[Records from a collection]
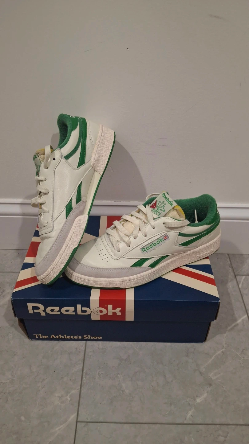10Selling a pair of Reebok Club C Revenge sneakers in white and green! They come with the original box
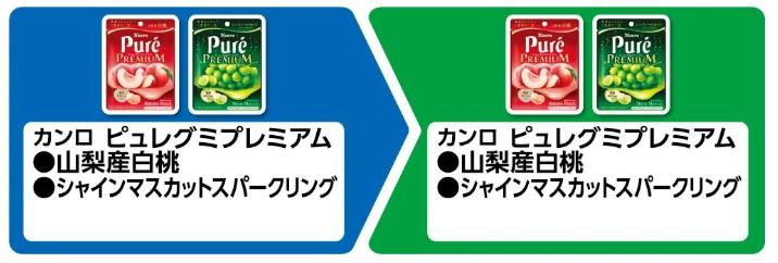 2個目の対象商品は、カンロ「ピュレグミプレミアム」の「山梨産白桃」「シャインマスカットスパークリング」。
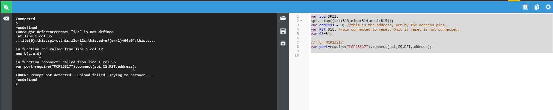 Posted at 2017-01-12 by @gfwilliams Actually I was being unfair. Espruino changed recently so it errors for undefined variables - this would have worked fine previously, but it had some code left over from being copy/pasted from the MCP20S17 that would make it fail now. If you try now I've changed it and it should work (you may have to shut down the IDE and restart it, as it might cache the modules). |
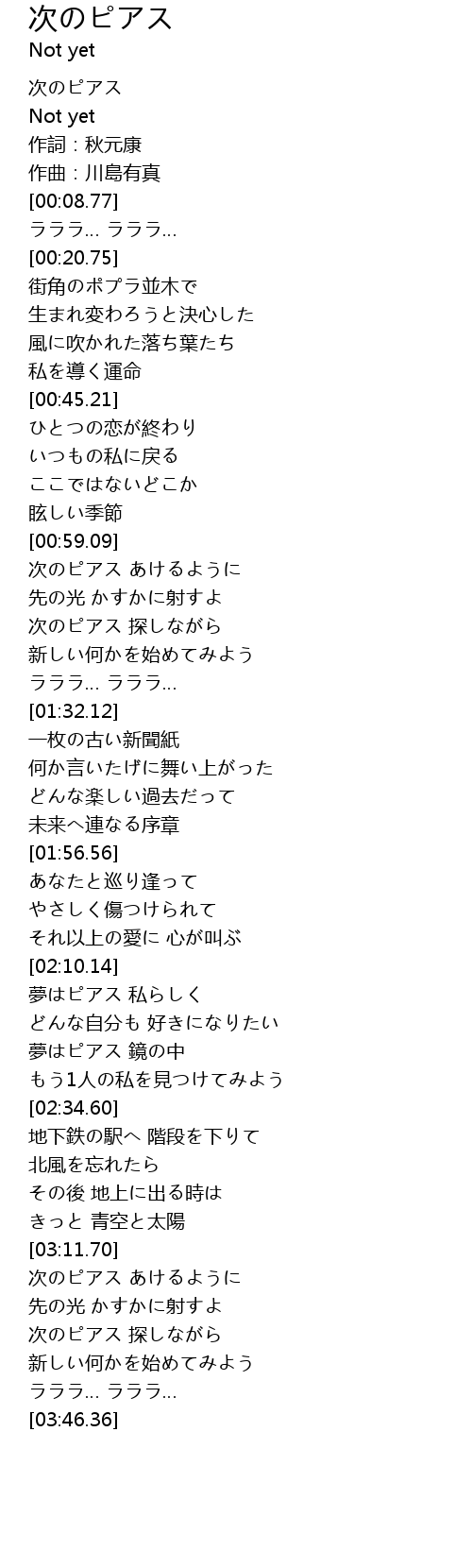 | [00:00.00] | 次のピアス |
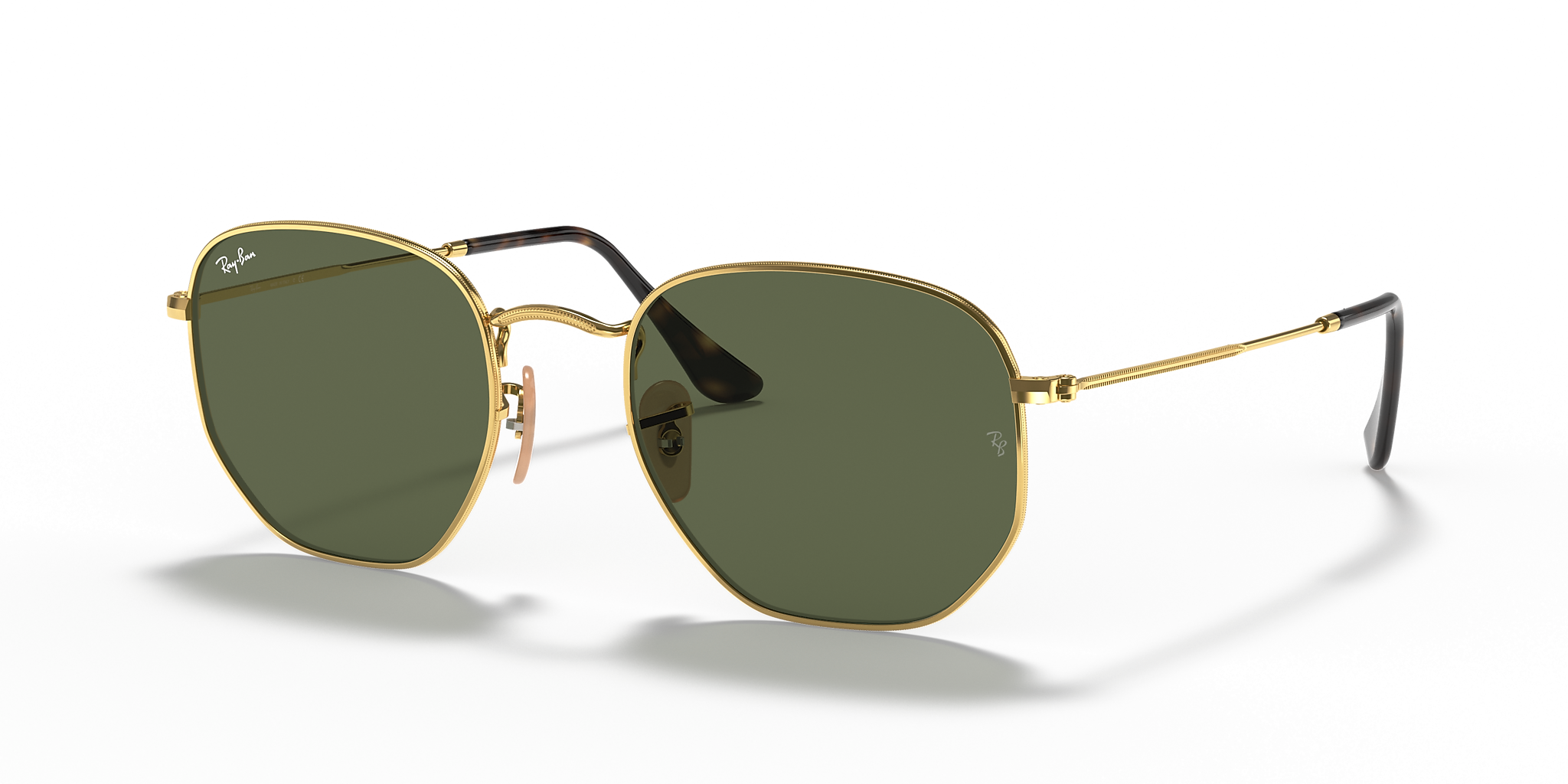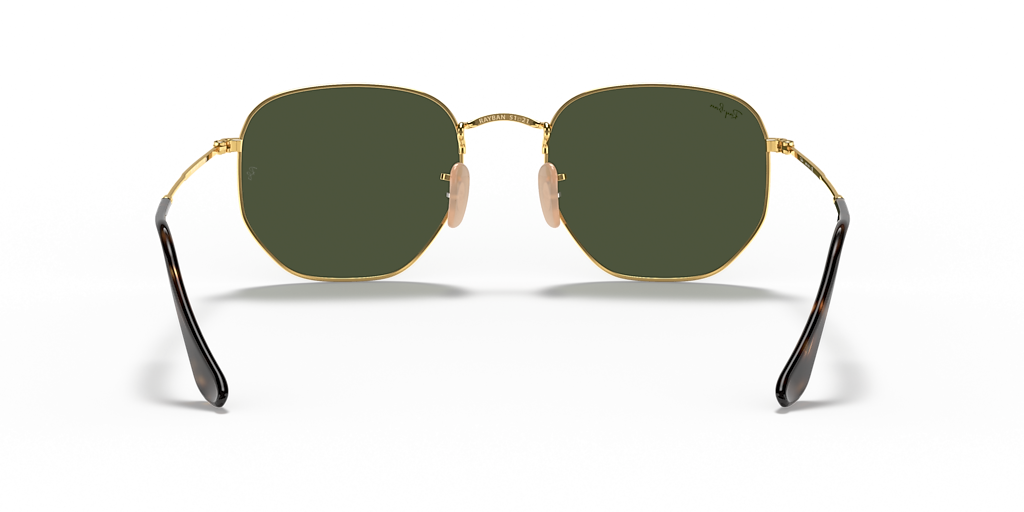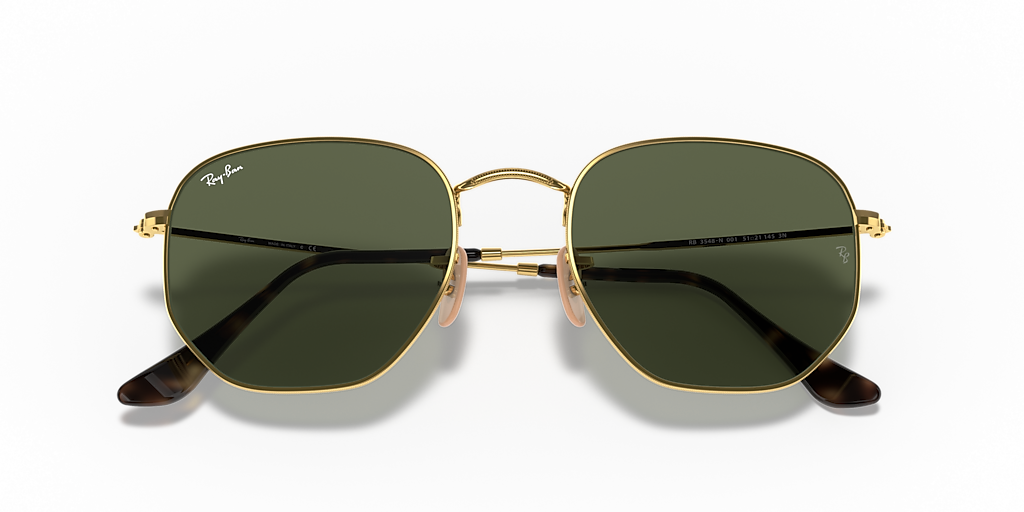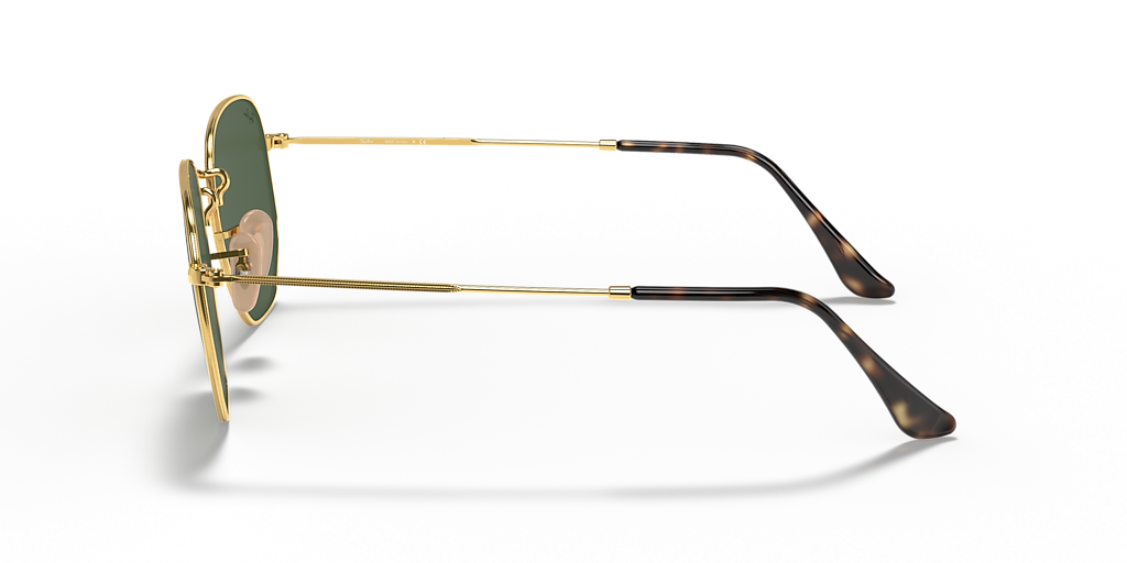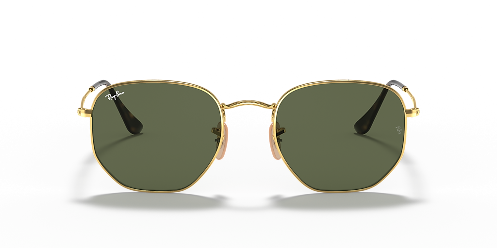 Ray-Ban Hexagonal Flat Lenses are a new take on the iconic metal hexagon shape, featuring an irregular frame design. With its classic g-15 green lenses and gold metal frame, these sunglasses are perfect for those looking for something unique but still want to keep it classy.
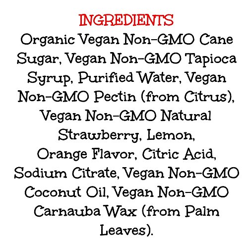 From Wild Organic Lichen, Certified Organic Cane Sugar, Tapioca Syrup, Purified H20, Pectin, Natural Flavors (Lemon, Orange, Strawberry) Citric Acid, Sodium Citrate, Natural Colors (Annatto Extract, Black Carrot), coconut Oil, Carnauba Wax.
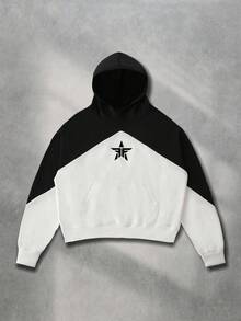 Street Life Men's Autumn Star Print Patchwork Contrast Color Hoodie Sweatshirt

Directions for this task
Write out exactly the lines from the one that contains "2個目の対象商品は、カンロ「" through the last line of the data above, both included. Leave every picture out.

Response area
 2個目の対象商品は、カンロ「ピュレグミプレミアム」の「山梨産白桃」「シャインマスカットスパークリング」。
 Posted at 2017-01-12 by @gfwilliams Actually I was being unfair. Espruino changed recently so it errors for undefined variables - this would have worked fine previously, but it had some code left over from being copy/pasted from the MCP20S17 that would make it fail now. If you try now I've changed it and it should work (you may have to shut down the IDE and restart it, as it might cache the modules). |
 | [00:00.00] | 次のピアス |
 Ray-Ban Hexagonal Flat Lenses are a new take on the iconic metal hexagon shape, featuring an irregular frame design. With its classic g-15 green lenses and gold metal frame, these sunglasses are perfect for those looking for something unique but still want to keep it classy.
 From Wild Organic Lichen, Certified Organic Cane Sugar, Tapioca Syrup, Purified H20, Pectin, Natural Flavors (Lemon, Orange, Strawberry) Citric Acid, Sodium Citrate, Natural Colors (Annatto Extract, Black Carrot), coconut Oil, Carnauba Wax.
 Street Life Men's Autumn Star Print Patchwork Contrast Color Hoodie Sweatshirt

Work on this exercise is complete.